I went through the full Roblox loop earlier this year and the behavioral rounds were more structured than I expected. Two separate behavioral sessions, each 45 minutes, different interviewers. Sharing the question themes because I couldn't find a good breakdown anywhere.
The themes I kept seeing:
Ownership and follow-through. They want to hear about a time you took something way past your job description. The framing they used was "tell me about a project you owned end-to-end." They were specifically probing whether you stopped at shipping or actually followed up on impact.
Cross-functional complexity. Multiple questions about working with non-engineers. I got "describe a time when you had significant disagreement with a PM or designer and how it resolved." They weren't looking for "we talked it out, everything was great." They wanted to see the actual friction and your reasoning.
Building in ambiguity. "Tell me about a time you had to make a decision with incomplete data and were wrong. What did you do." That last part is key, they want the recovery, not just the mistake.

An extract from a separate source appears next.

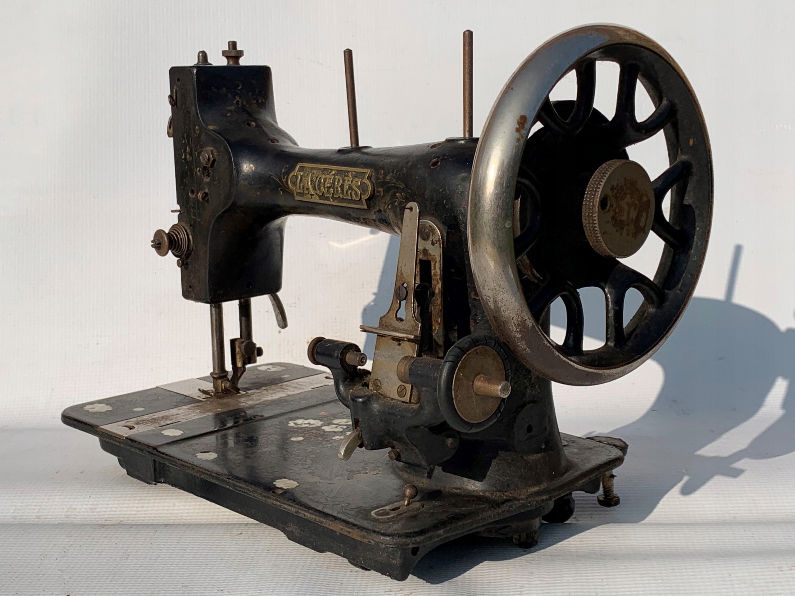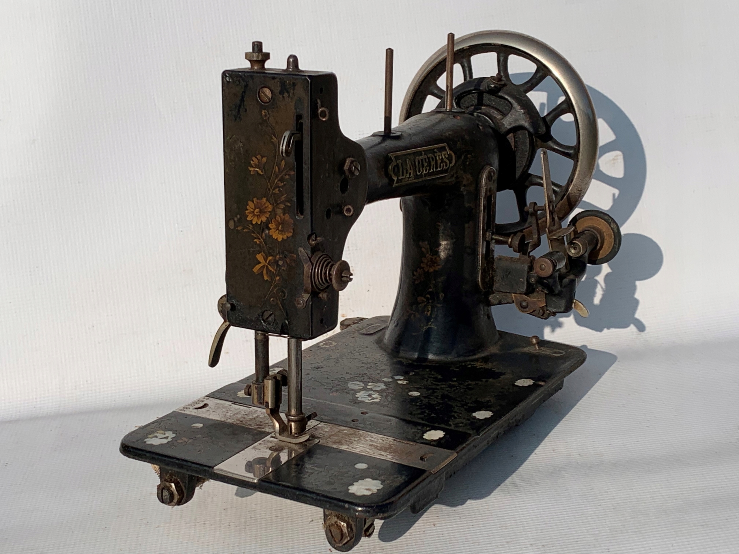 Предметом продажу є стара швейна машина-човник фірми LA CERES, BEAUVAIS MECANICIEN TOULON. Дуже гарний візерунок. Легкий доступ до механізму після відкручування одного гвинта ззаду. Машина не перевірялася на працездатність. Підставка - як на фото. Якщо ви шукаєте щось оригінальне, цей аукціон саме для вас.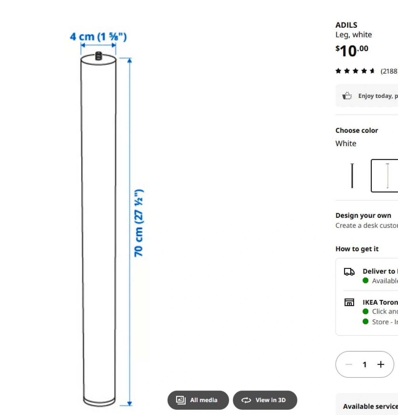 Selling a set of 4 IKEA legs in white. They measure about 27 inches in length and the diameter of the top is about 2 inches. These legs are perfect for creating a custom desk or table setup. Originally priced at $10 each.

Speed vs. quality tradeoffs. Roblox runs fast. They asked me directly how I balance shipping quickly with long-term code health. I think they're screening for people who've actually thought about this, not just people who say "both matter."
One thing I noticed: they didn't seem to have a formal list of values on their careers page but the questions mapped really closely to "trust, speed, ownership, collaboration" themes. Multiple interviewers asked about impact quantification. If you can't put a number on your outcome they'll ask you to estimate.
For context I was going for a senior IC role. I have a two-year gap on my resume (caregiving) and honestly the behavioral rounds felt like the right place to address the gap story, which I wove into one answer naturally. Nobody made it weird.
Overall I felt like it was a grown-up loop. Not a gotcha culture. But they do expect specificity.